Task requirements » From the entries that follow, reproduce exactly and only the lines from the line with "새로운 Y2K 밀레니엄" to the line with "Berlinger Haus Matte", endpoints included.

Records for this exercise »

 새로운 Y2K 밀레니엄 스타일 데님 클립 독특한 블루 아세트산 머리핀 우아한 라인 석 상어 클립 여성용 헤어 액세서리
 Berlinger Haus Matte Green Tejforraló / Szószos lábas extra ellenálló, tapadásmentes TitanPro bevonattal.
* * *
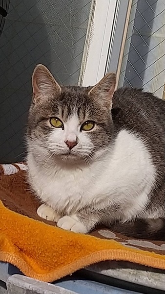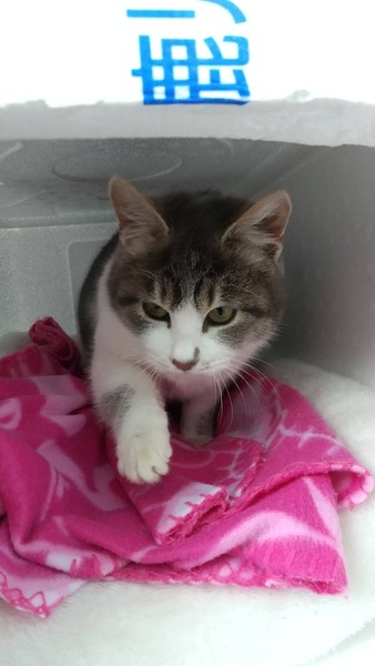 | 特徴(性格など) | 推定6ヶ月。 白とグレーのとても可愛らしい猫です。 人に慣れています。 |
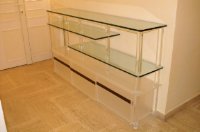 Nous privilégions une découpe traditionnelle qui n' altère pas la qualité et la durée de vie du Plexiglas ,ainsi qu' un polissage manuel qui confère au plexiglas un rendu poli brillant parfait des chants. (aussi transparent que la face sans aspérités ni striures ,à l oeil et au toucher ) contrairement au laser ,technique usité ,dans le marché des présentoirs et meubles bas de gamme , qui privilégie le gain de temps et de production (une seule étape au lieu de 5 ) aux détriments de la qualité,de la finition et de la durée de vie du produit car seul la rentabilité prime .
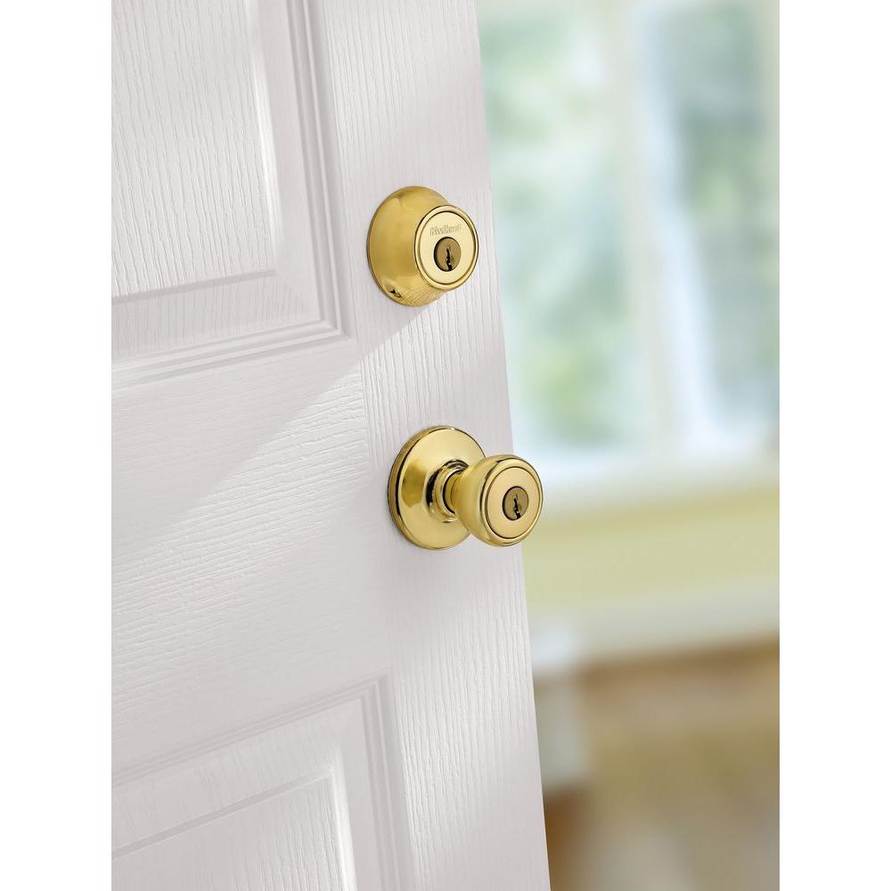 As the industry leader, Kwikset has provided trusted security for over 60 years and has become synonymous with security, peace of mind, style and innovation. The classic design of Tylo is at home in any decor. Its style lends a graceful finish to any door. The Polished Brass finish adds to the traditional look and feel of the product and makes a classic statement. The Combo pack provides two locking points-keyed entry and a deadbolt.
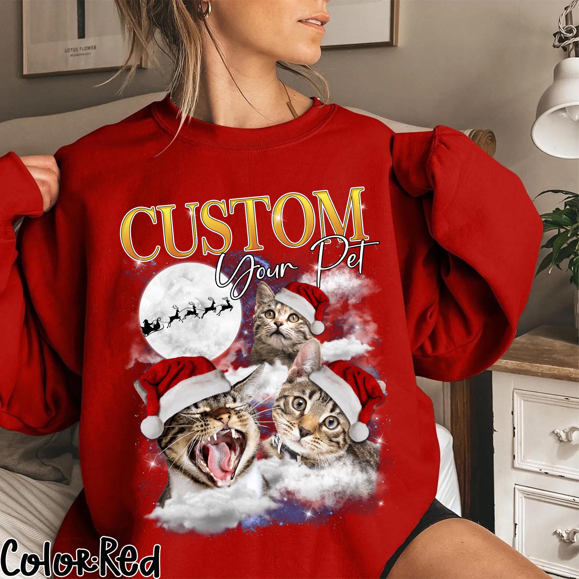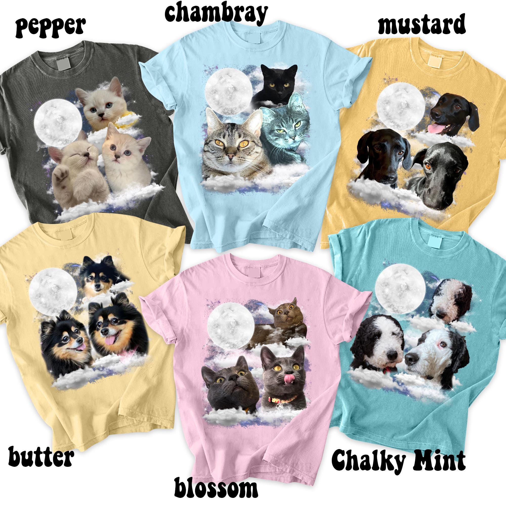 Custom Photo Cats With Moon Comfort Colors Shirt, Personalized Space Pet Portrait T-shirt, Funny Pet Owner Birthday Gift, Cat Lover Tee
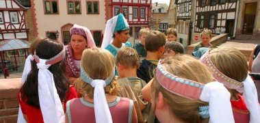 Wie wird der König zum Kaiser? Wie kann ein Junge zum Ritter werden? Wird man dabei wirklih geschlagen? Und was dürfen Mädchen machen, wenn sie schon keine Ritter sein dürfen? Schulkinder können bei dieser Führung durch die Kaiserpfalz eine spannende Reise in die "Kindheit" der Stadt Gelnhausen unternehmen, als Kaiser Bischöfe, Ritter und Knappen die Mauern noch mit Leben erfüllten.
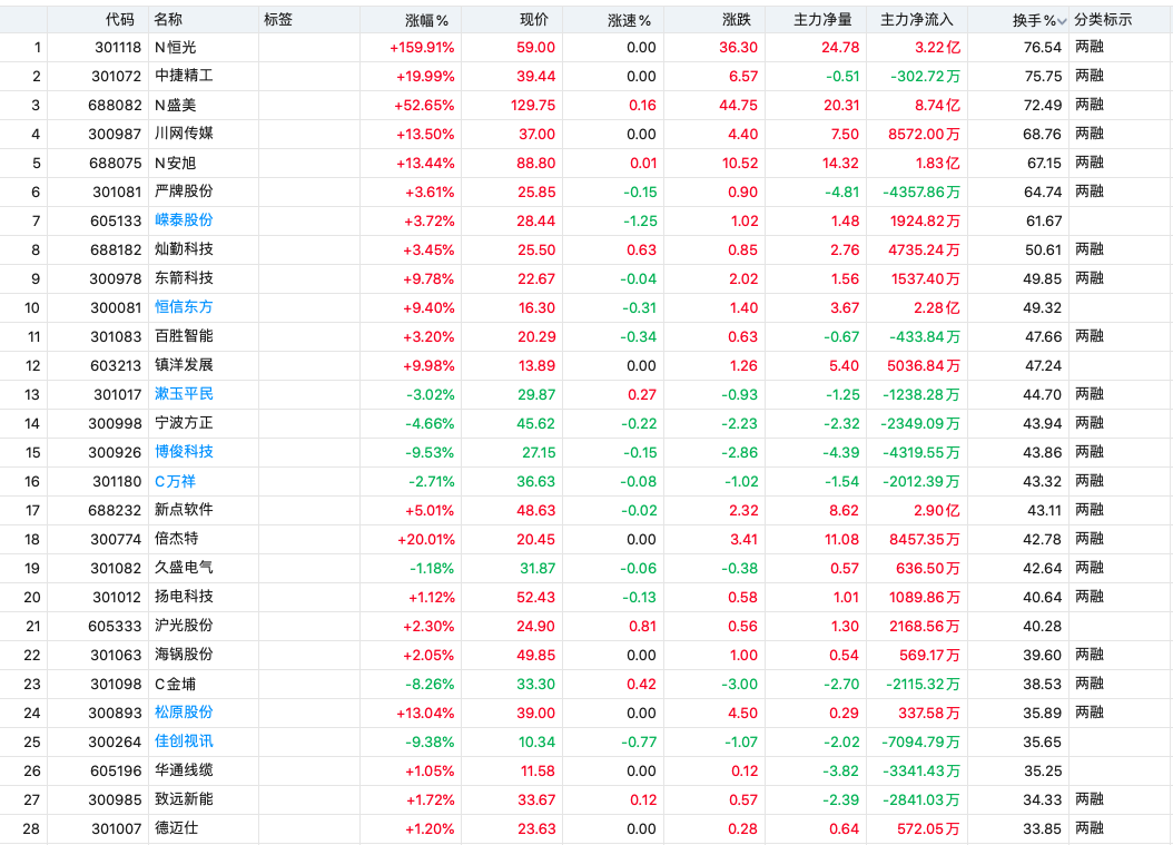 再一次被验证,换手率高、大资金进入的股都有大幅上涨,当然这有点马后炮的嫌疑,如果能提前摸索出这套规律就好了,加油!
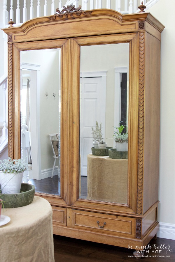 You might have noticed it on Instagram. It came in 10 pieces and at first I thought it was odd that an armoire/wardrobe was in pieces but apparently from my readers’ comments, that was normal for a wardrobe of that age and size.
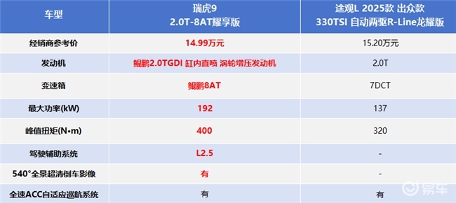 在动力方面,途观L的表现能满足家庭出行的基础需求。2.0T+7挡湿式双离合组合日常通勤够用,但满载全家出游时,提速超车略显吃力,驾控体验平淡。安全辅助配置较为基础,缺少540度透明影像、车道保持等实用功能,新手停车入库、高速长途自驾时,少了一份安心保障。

Written solution »
 새로운 Y2K 밀레니엄 스타일 데님 클립 독특한 블루 아세트산 머리핀 우아한 라인 석 상어 클립 여성용 헤어 액세서리
 Berlinger Haus Matte Green Tejforraló / Szószos lábas extra ellenálló, tapadásmentes TitanPro bevonattal.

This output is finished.